▶ _EXERCISE AIM_
With the pictures left out, transcribe exactly the lines from the one with "個(gè)人姓名:XXX(身" through the end of the data.

Data extracted from a collection
##########

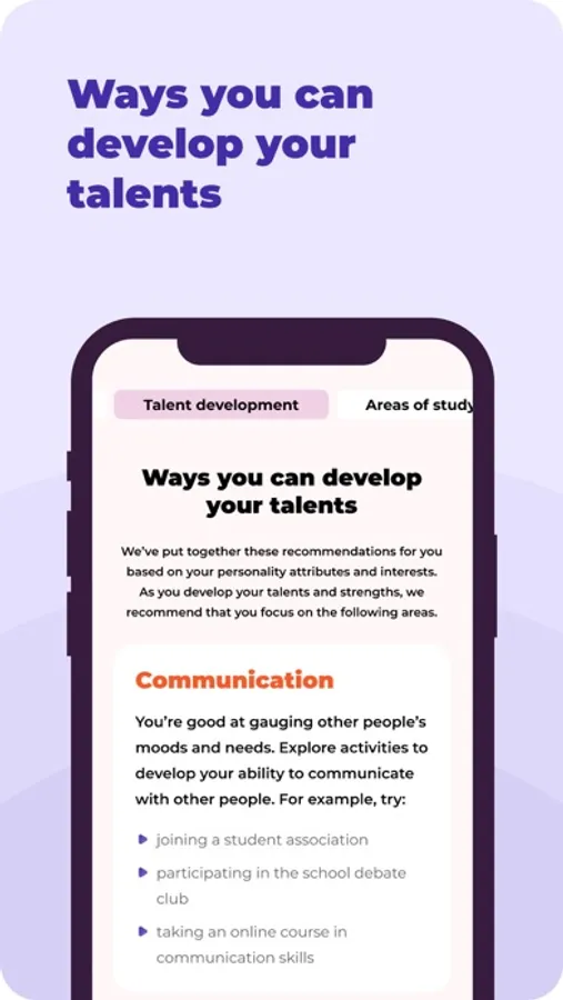 Unlike most career development and personality type tests for self assessment, Growmon gives you more detailed information to find your passion. After you finish your self discovery test you get insights about personality type, your true talents, personality traits, areas where you’ll excel in 5-10 years, interests, and study fields that match your interests, and ways to develop your talents. In short: guides to help you live a fulfilling life.
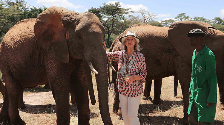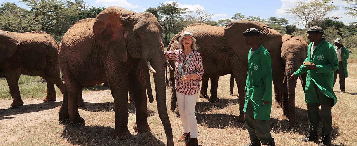 Sylvie visiting charity partner Sheldrick Wildlife Trust in Kenya
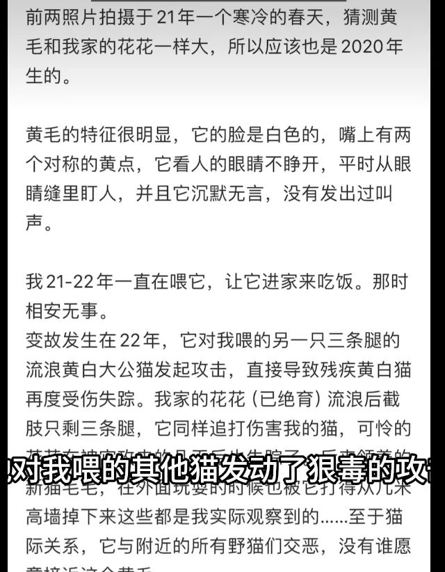 但是隨後它不知道經歷了什麼,到2022年時他就正式進化成了“貓界喪彪”。博主說從那以後,圓頭耄耋開始攻擊博主餵養的流浪貓。如果只是搶東西還好,但是它下手極其狠毒,許多貓都會被它攻擊至受傷,這就導致博主餵養的許多貓甚至出現了因傷去世的情況。
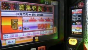 本日、2連+単発+単発当りの110回転の台でした。「CR黄門ちゃま」シリーズと思えないほどの静けさで何も起こりませんでした。良く回ったのでズルズルと打ち込んでいました。
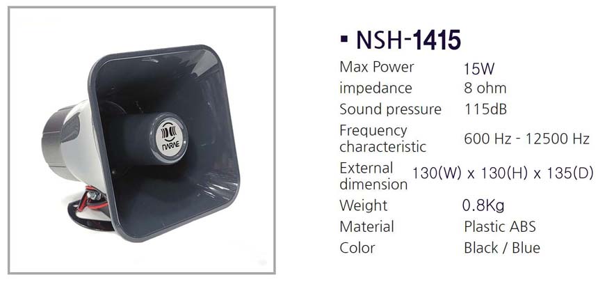 NSH-1415 소방 방수혼 스피커 15W, CCTV,중장비, 바이크, 차량, 인터폰 음성 보강 및 경보기 음성 전달용, 기타 산업 기자재등 다용도 사용 본문
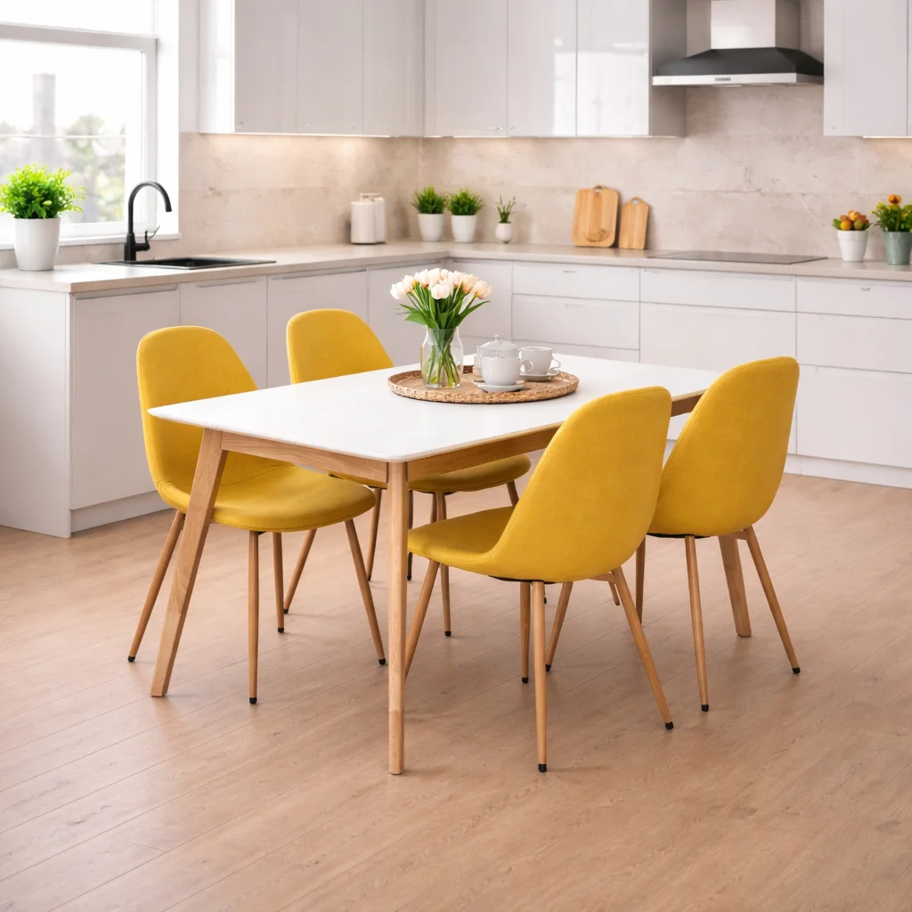 Tento jídelní set je ideální volbou pro moderní kuchyně a jídelny, kde chcete propojit funkčnost s designem. Skvěle se hodí do světlých interiérů, kde vynikne jeho barevnost i jednoduché linie.
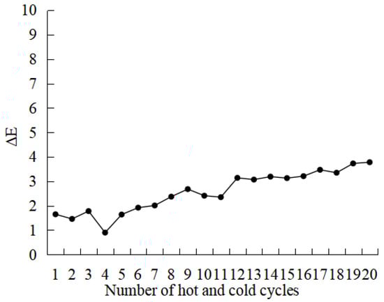 The reversible temperature indicator patch was subjected to cold- and hot-cycle tests at 25 °C and 70 °C. In order to ensure the complete discoloration of fading/recoloring, it was left for 3 min at each temperature. Figure 7 presents the variation in color difference (ΔE) of a reversible temperature-indicating patch subjected to 20 thermal cycles.
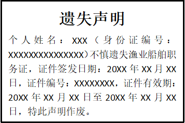 個(gè)人姓名:XXX(身份證編號(hào):XXXXXXXXXXXXXXX)不慎遺失漁業(yè)船舶職務(wù)證,證件簽發(fā)日期:20XX年XX月XX日,證件編號(hào):XXXXXXXX,證件有效期:20XX年XX月XX日至20XX年XX月XX日,特此聲明作廢。
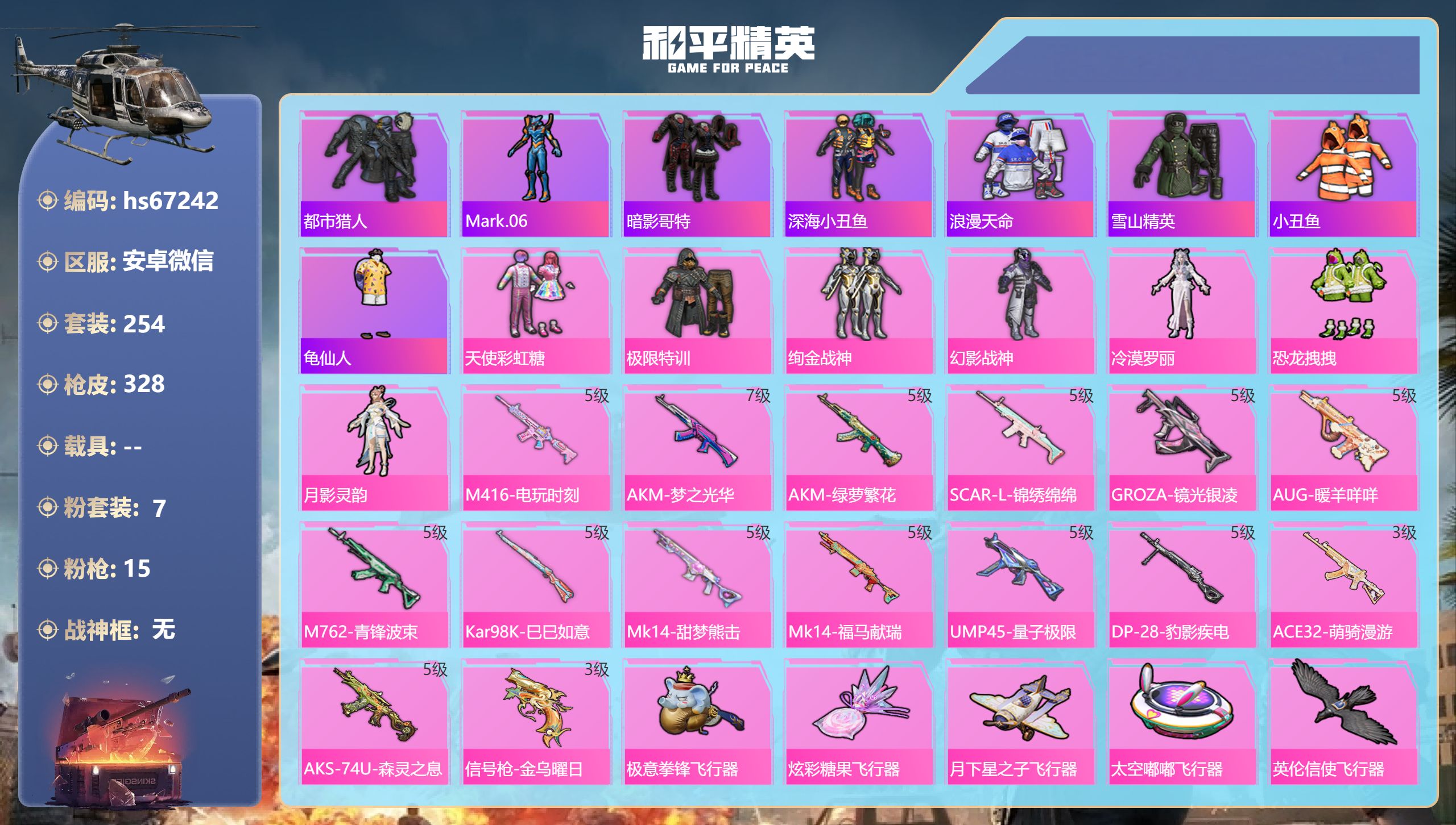15王牌印记-7粉装-15特效枪-热力值-254套装-

##########

▶ _FINISHED EXERCISE_
 個(gè)人姓名:XXX(身份證編號(hào):XXXXXXXXXXXXXXX)不慎遺失漁業(yè)船舶職務(wù)證,證件簽發(fā)日期:20XX年XX月XX日,證件編號(hào):XXXXXXXX,證件有效期:20XX年XX月XX日至20XX年XX月XX日,特此聲明作廢。
15王牌印记-7粉装-15特效枪-热力值-254套装-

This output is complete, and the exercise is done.